Le debemos esta maravilla estética a las labores del Papa Pascual I, cuyo breve pontificado a principios del siglo noveno contribuyó inmensamente a la belleza de Roma durante lo que la historia se complace en apodar el “Oscurantismo”. Tras destacar que el Papa Pascual reconstruyó esta iglesia cerca de una iglesia de finales del siglo V dedicada a Santa Práxedes, Liz Lev explica la intención en el diseño del Papa:

“La arquitectura estética de Pascual se concentraba en la luz: por eso, a lo largo de la nave hay 24 triforios a través de los que fluyen los rayos del sol antes de danzar sobre los pequeños azulejos de cristal de la decoración. La inspiración para el mosaico del ábside fue de la Basílica de los Santos Cosme y Damián: de nuevo, un cielo azul fascinante, un Cristo con túnica dorada flota bajo la mano de Dios. Lo flanquean Pedro y Pablo, quienes visten togas senatoriales; Práxedes y su hermana Pudenciana, quienes sostienen las coronas del martirio, son acogidas por los apóstoles y guiadas hacia Cristo…

“Esta reunión celestial es superada por una imaginería apocalíptica: el Cordero de Dios, flanqueado por siete candeleros y los símbolos de los cuatro evangelistas. Numerosas figuras con túnicas blancas ofrecen sus coronas de flores. Su procesión termina en la cumbre del arco, donde los apóstoles, María y Juan el Bautista señalan hacia Cristo, flanqueado por ángeles. La obra completa es una invitación a mirar hacia la Ciudad de Dios a través de este mundo.”

De por sí, eso sería suficiente. Pero eso no es todo.

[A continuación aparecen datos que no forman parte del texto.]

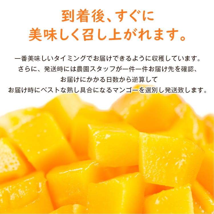 ジューシーでとろけるような舌触りの、甘ーいマンゴーをご賞味ください。

El Papa Pascual también construyó aquí una capilla funeraria para su madre, Teodora, la Capilla de San Zenón. Y aunque el mosaico ábside y el arco triunfal de la Basílica son tan magníficos como los describe Liz Lev, la Capilla de San Zenón es la que destaca a Santa Práxedes como un lugar cristiano que no se debe perder.  

A través de los años, he visitado muchos salones espectacularmente hermosos: el Salón Decorado del Hospital Naval Real de Wren, en Greenwich, Inglaterra; la Sainte Chapelle, en París; y la Capilla Sixtina que, obviamente, ocuparía un lugar destacado en cualquier lista. Pero con alegría añadiera a la pequeña Capilla de San Zenón en Santa Práxedes, a cualquier concurso del Salón Más Hermoso en el Planeta Tierra.  Repleto con mosaicos de pared a pared, la capilla procura, como escribe Liz, evocar la experiencia del cielo: “Columnas hermosas alinean las cuatro esquinas, coronadas con capiteles desde los que los ángeles parecen alcanzar la cumbre de la cúpula, donde Cristo Pantocrátor mira hacia abajo con serenidad”.

Y sin embargo, entre esta belleza impresionante se encuentra el recordatorio de cómo y por qué Jesús es Señor y Rey. Un pequeño relicario de cristal al lado de la capilla contiene un fragmento de una columna de piedra, venerada por mucho tiempo como el pilar de la flagelación que precedió a la crucifixión.

La gloria del Cristo Resucitado, expuesta magníficamente a través de la Basílica de Santa Práxedes, es la gloria de la Pascua. La gloria de la Pascua tiene un costo, pues la gloria de la Pascua sigue al sufrimiento obediente del Hijo de Dios en el Viernes Santo. Ahí, en el Calvario, el Hijo cumple la voluntad del Padre al encontrar su destino mesiánico en un trono cruciforme.

La Pascua se deriva necesariamente del Viernes Santo. Tal lección se transmite a través de los siglos, desde el Papa Pascual I al Papa Francisco.